Recorded information section start

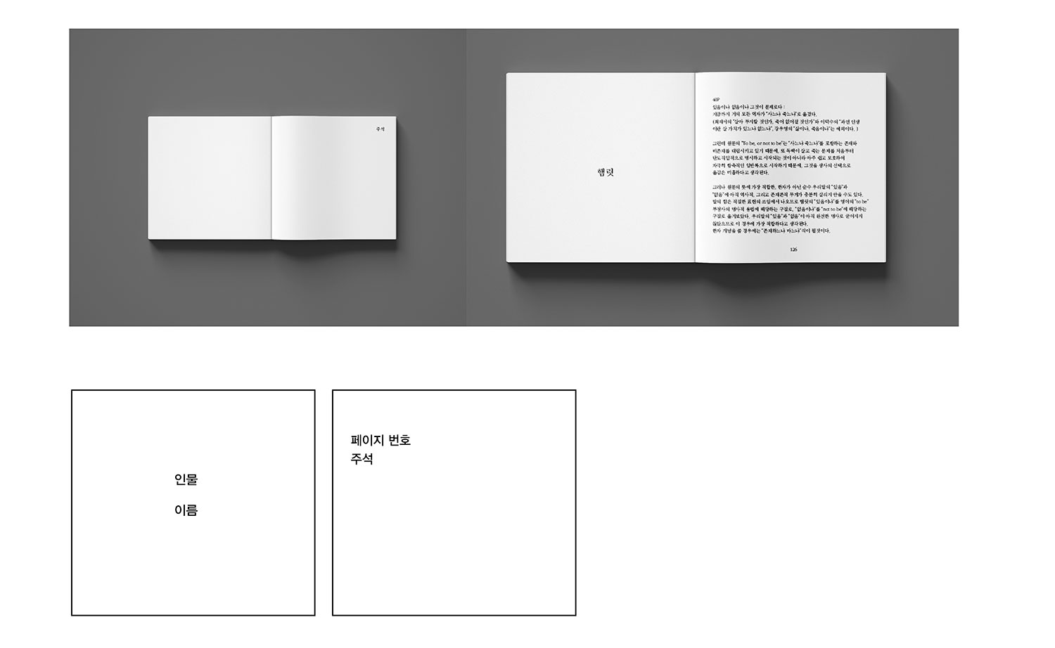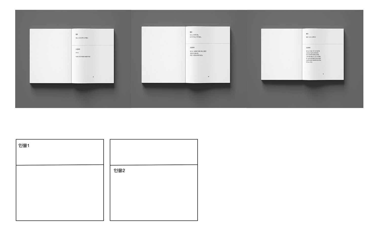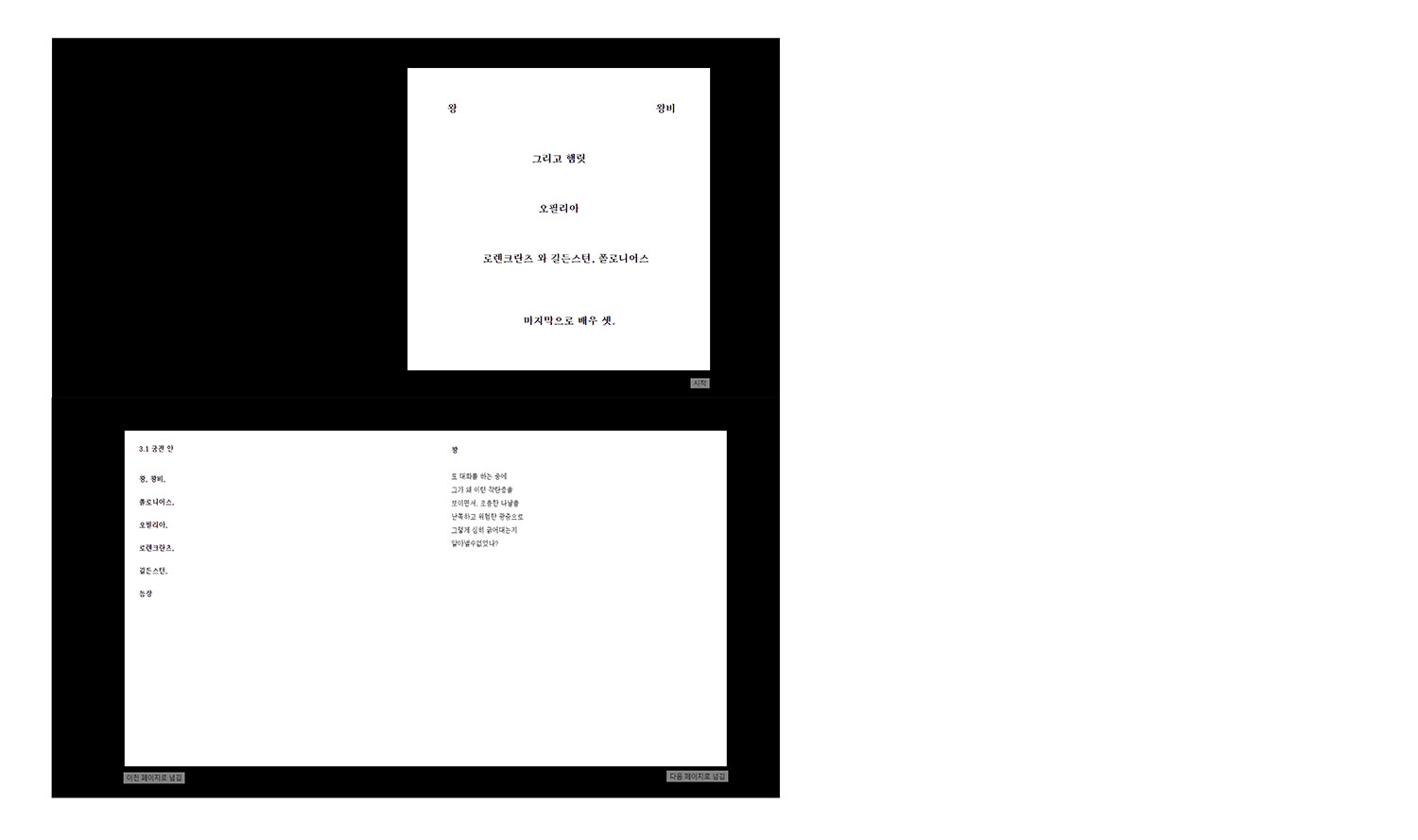 인물 1의 대화가 끝나면 다음장으로 넘겨 인물2의 대화를 확인 할 수 있다. 본문 바로 밑에 주석이 표시되는 희곡 텍스트와는 다르게 인물간의 대화의 흐름에 집중할 수 있도록 주석 페이지는 인물들의 대사와 분리하여 단독으로 구성했다. 수석은 인물 별로 구분하였으며 페이지 번호를 보고 찾아갈 수 있도록 페이지 번호도 표시해주었다. 종이의 지면으로 옮기는 작업을 한 뒤에 웹으로 구현하는 작업을 진행했다. 구성은 크게 바뀌지 않되, 주석은 해당 문장 위에 마우스를 올리면 표시되는 형식으로 바꾸었다. 버튼을 누르면 페이지가 이동하여 마치 e-book을 읽는 듯한 느낌을 준다.
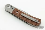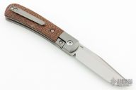 This Trapper Front Flipper by Enrique Pena features a satin finished blade with a front flipper and notched thumbrest. The handle has titanium bolsters, burlap micarta scales with a titanium backspacer and matching tip up pocket clip. Includes a Pena X-Series padded box. Excellent condition.
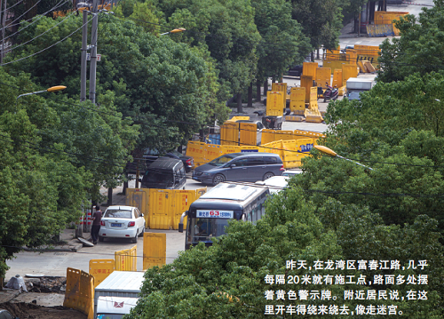 名人花园业主杨女士说,自从施工开始,这条路就经常路阻。在该小区物业上班的一工作人员说,这里路面开挖后,她上班就不准时了,一般每天在富春江路上都要堵十几二十分钟,中秋过后上班第一天,居然堵了40多分钟。
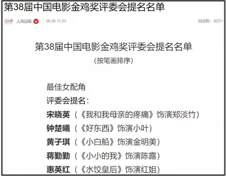 第38届中国电影金鸡奖提名名单公布了!四大演员奖项堪称大爆冷,话不多说,先来看具体有哪些人入围了吧。
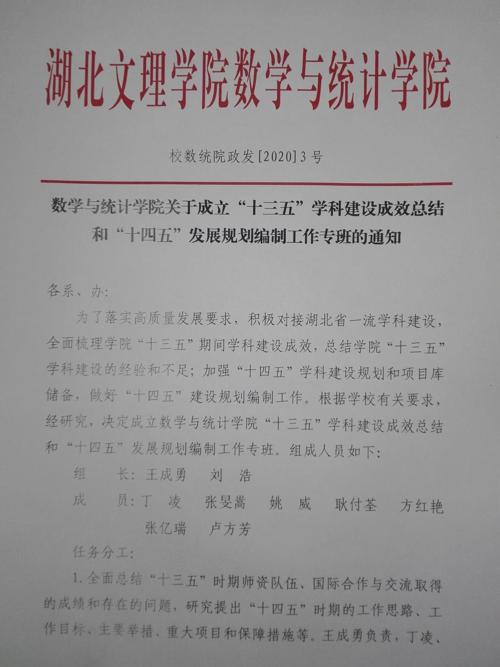 數(shù)學與統(tǒng)計學院關(guān)于成立“十三五”學科建設(shè)成效總結(jié)和“十四五”發(fā)展規(guī)劃編制工作專班的通知

Recorded information section end

The lines from the top of the data above through the one holding "名人花园业主杨女士说,自从施" are to be repeated exactly, and only those, with no pictures.

 인물 1의 대화가 끝나면 다음장으로 넘겨 인물2의 대화를 확인 할 수 있다. 본문 바로 밑에 주석이 표시되는 희곡 텍스트와는 다르게 인물간의 대화의 흐름에 집중할 수 있도록 주석 페이지는 인물들의 대사와 분리하여 단독으로 구성했다. 수석은 인물 별로 구분하였으며 페이지 번호를 보고 찾아갈 수 있도록 페이지 번호도 표시해주었다. 종이의 지면으로 옮기는 작업을 한 뒤에 웹으로 구현하는 작업을 진행했다. 구성은 크게 바뀌지 않되, 주석은 해당 문장 위에 마우스를 올리면 표시되는 형식으로 바꾸었다. 버튼을 누르면 페이지가 이동하여 마치 e-book을 읽는 듯한 느낌을 준다.
 This Trapper Front Flipper by Enrique Pena features a satin finished blade with a front flipper and notched thumbrest. The handle has titanium bolsters, burlap micarta scales with a titanium backspacer and matching tip up pocket clip. Includes a Pena X-Series padded box. Excellent condition.
 名人花园业主杨女士说,自从施工开始,这条路就经常路阻。在该小区物业上班的一工作人员说,这里路面开挖后,她上班就不准时了,一般每天在富春江路上都要堵十几二十分钟,中秋过后上班第一天,居然堵了40多分钟。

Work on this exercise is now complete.